Over winter break, I spent a few days reading through the articles published last year detailing the outcomes of the various tracks of the 2014 i2b2 challenge, which is where the data we're currently investigating came from in the first place. The articles I read primarily concerned risk factor identification and heart disease prediction systems, since those are closely relevant to our team's work.
In particular, a few of these papers explicitly mention the impact of missing (i.e., unstated, undocumented) risk factors on developed systems which rely on tagged risk factor metadata; developing methods not only to identify missing risk factors but also to create workarounds seems to be an area of clear research opportunity/necessity.
Our first week back, we wrote the rest of our proposal for the 2016 Tapia Celebration student poster session, and submitted it Friday (thanks very much to Professor Stubbs' help!), and will move on to move computational pursuits in the meantime.
The code I was working on is going well, but not complete yet; testing my own code has shown a few inconsistencies, which I've addressed as necessary.
This past week, on Dec. 8, we presented an overview of our project to a small research group here at Simmons, and a lot of the questions that were asked were helpful, particularly with respect to areas of inquiry we haven't considered explicitly. (Some were out of the scope of the project, but still good to keep in mind.)
I've been working on finding discrepancies in diabetes mentions in the clinical narratives, and additionally Rebecca has been working to address discrepancies in patients' smoking history. Before the end of the semester, our goal is to report some preliminary findings with regard to discrepancies in clinical narratives.
In the past couple of weeks, I've attempted to combine all of the Python classes I've written in order to extract data from XML files, store them in Patient objects, and assess discrepancies in the clinical narratives.
My part of discrepancy-seeking is attempting to identify places in the records where mentions of diabetes are inconsistent or lacking; in spite of the fact that all of the records in the corpus were selected based on patients' diabetes status, many of the clinical narratives do not mention whether or not the patient has diabetes.
The first step will be to gather statistics regarding whether or not a given patient has any explicit reference to diabetes, including via medication mentions, physical state, etc.
We have a server! We spent our most recent meeting figuring out who has access to which parts of it and other things like that. The next step is to learn how to navigate the server; I lucked out and worked on a remote server all summer for a research project two summers ago, so I'm already very familiar with navigating a server via terminal/bash commands.

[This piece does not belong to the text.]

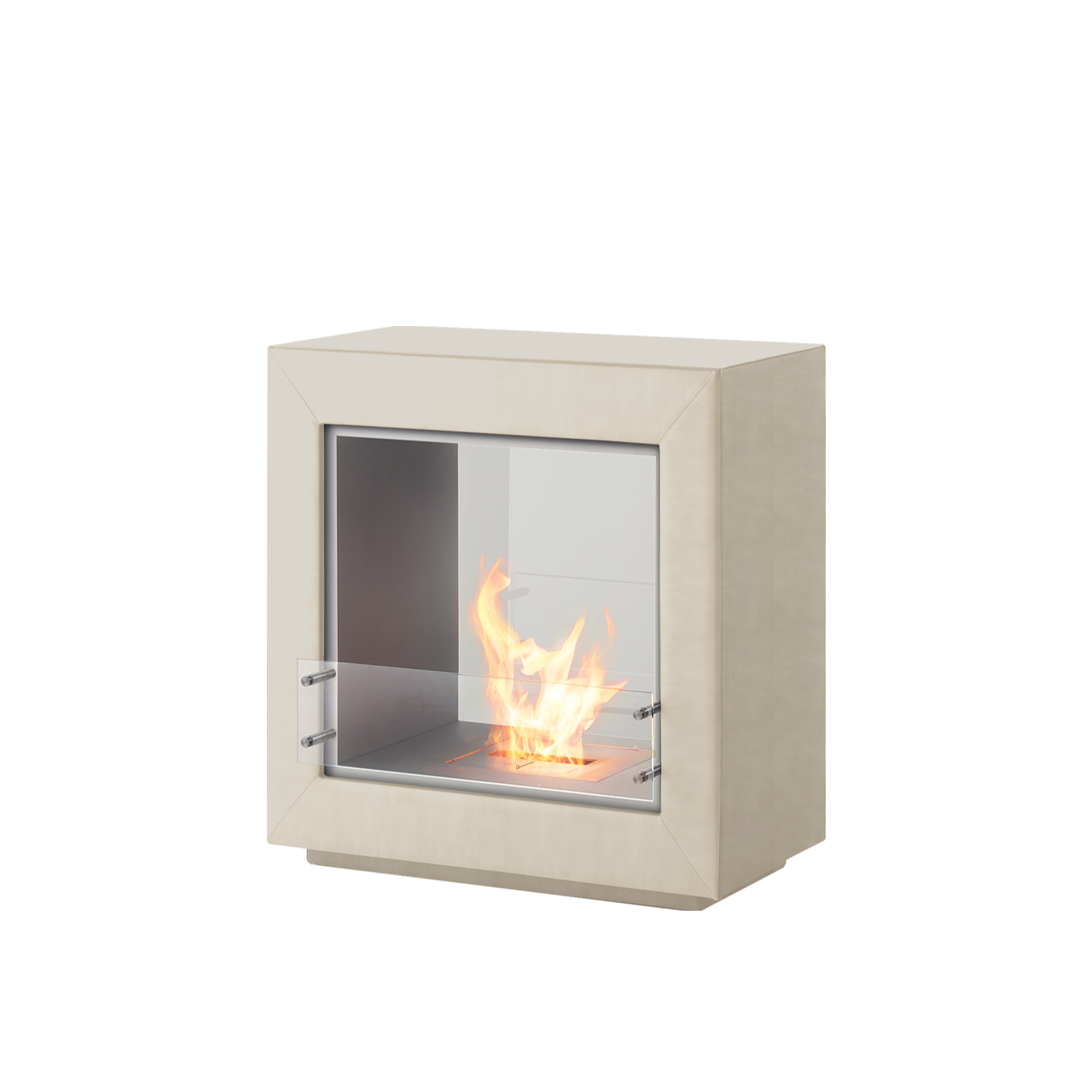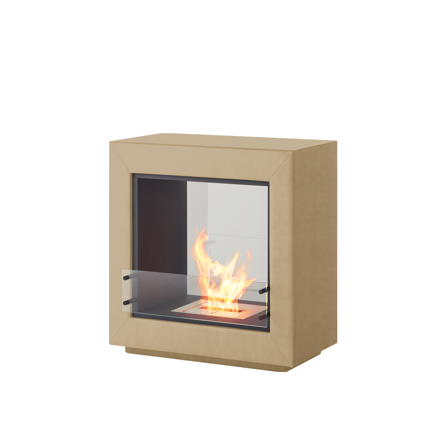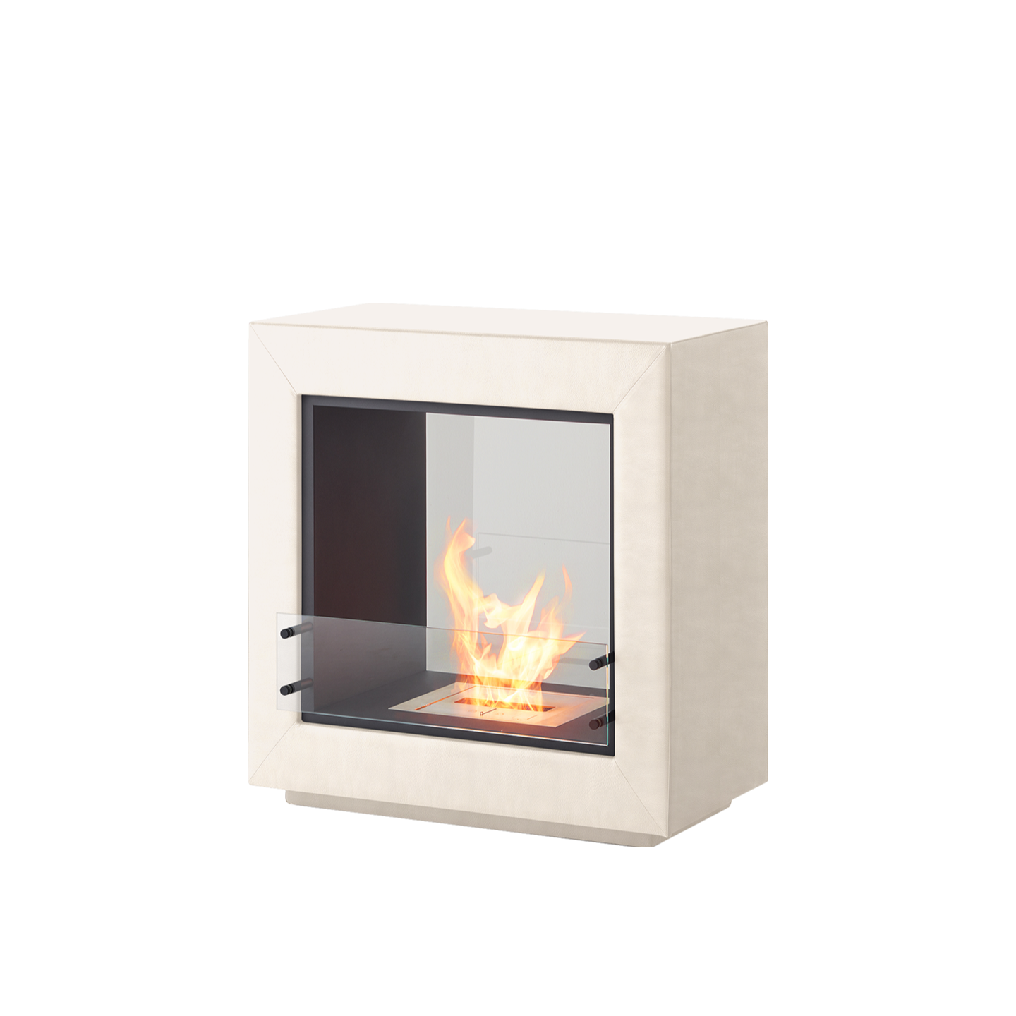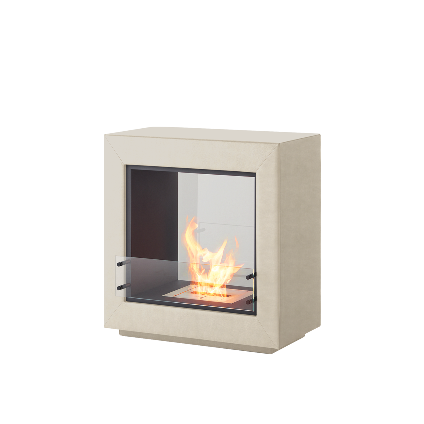 エコスマートファイヤー「Fusion Leather」はシースルー型のデザインで背面が耐熱性の強化ガラスで仕上げられています。その為、CubeやAspectのように背面に壁を背負わなくても設置が可能です。空間の中央に設置し、両面から火を鑑賞するなど設置の幅が大きく広がります。奥行が約50cmある為、重厚感があります。「BK5」バーナーが搭載されており火力調整が可能な他、25帖程の暖房能力も有しています。外側は本革張りで計4色から、内側はステンレス、ブラックスチールの2色からお選びいただけます。バイオエタノール暖炉は綺麗なオレンジ色の炎を演出します。暖房能力も高く、燃焼時に発生する水蒸気により加湿効果も得られます。

We also ran some analysis on the official-vs-predicted genders and ages of the patients from an earlier script that Professor Stubbs ran. The script used pronouns, age markers, and other mentions of gender/age/etc to determine the age and gender of each patient on a record-by-record basis.
Along with Stephanie and Rebecca, I worked on a script that looked for some initial discrepancies among the "official" and "predicted" ages and genders in this file, and found that there are some patients whose gender is never specified in their clinical narrative records, and some for which the age is ambiguous. We'll refine these analyses over the course of the next few weeks, but for now, it's an interesting start.